A no-op instruction is an instruction that has no effect.
A common no-op instruction is sll $0,$0,0
.
PC at top of cycle | Instruction Fetched (details omitted) |
PC after increment | PC at the bottom of the cycle |
---|---|---|---|
00400000 | load | 00400004 | 00400004 |
00400004 | add | 00400008 | 00400008 |
00400008 | jump 0x00400000 | 0040000C | 0040000C |
0040000C | no-op | 00400010 | 00400000 effect of the jump instruction |
00400000 | load | 00400004 | 00400004 |
00400004 | add | 00400008 | 00400008 |
00400008 | jump 0x00400000 | 0040000C | 0040000C |
0040000C | no-op | 00400010 | 00400000 effect of the jump instruction |
00400000 | load | 00400004 | 00400004 |
00400004 | add | 00400008 | 00400008 |
00400008 | jump 0x00400000 | 0040000C | 0040000C |
0040000C | no-op | 00400010 | 00400000 effect of the jump instruction |
.... and so on .... |
Here is a sequence of instructions. The "load" and "add" represent typical instructions. The "jump" instruction shows the address we wish to put into the PC. (The actual MIPS instruction for this involves details that we are skipping for the moment.)
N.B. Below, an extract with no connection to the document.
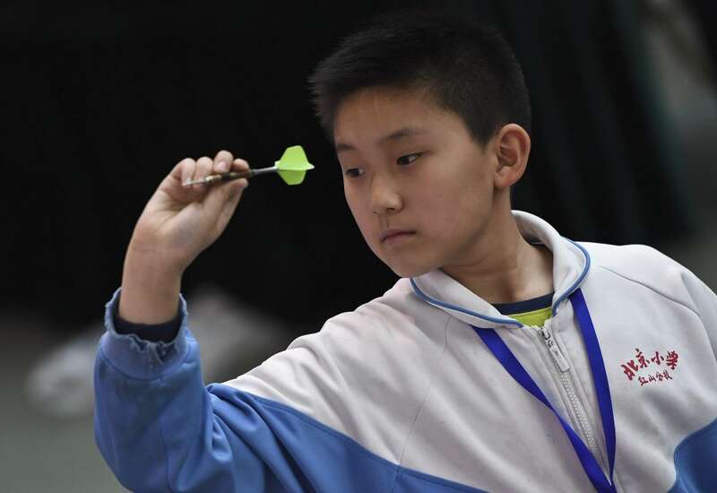 ↑2017年3月18日,来自北京小学红山分校的11岁小将黄培元在第六届“联创世纪”京都飞镖群英会青少年组预赛中。 新华社记者夏一方摄

main: load ... add ... jump 0x00400000 no-op
Say the the program has been assembled and loaded at address 0x00400000. The program starts running with the PC holding that address.
Once started, the four instructions execute in an unending loop. The last instruction, a no-op, fills the branch delay slot.
A loop structure is created with the jump instruction. The intent of the jump instruction is to put the address 0x00400000 into the PC. However, it takes one more machine cycle for this to happen.
But once the PC has changed, the next instruction fetched is at the top of the loop. The instructions execute again, and at the end the PC is again set to the starting address.
(Thought question:) Is there anything in this program that will stop the loop from executing?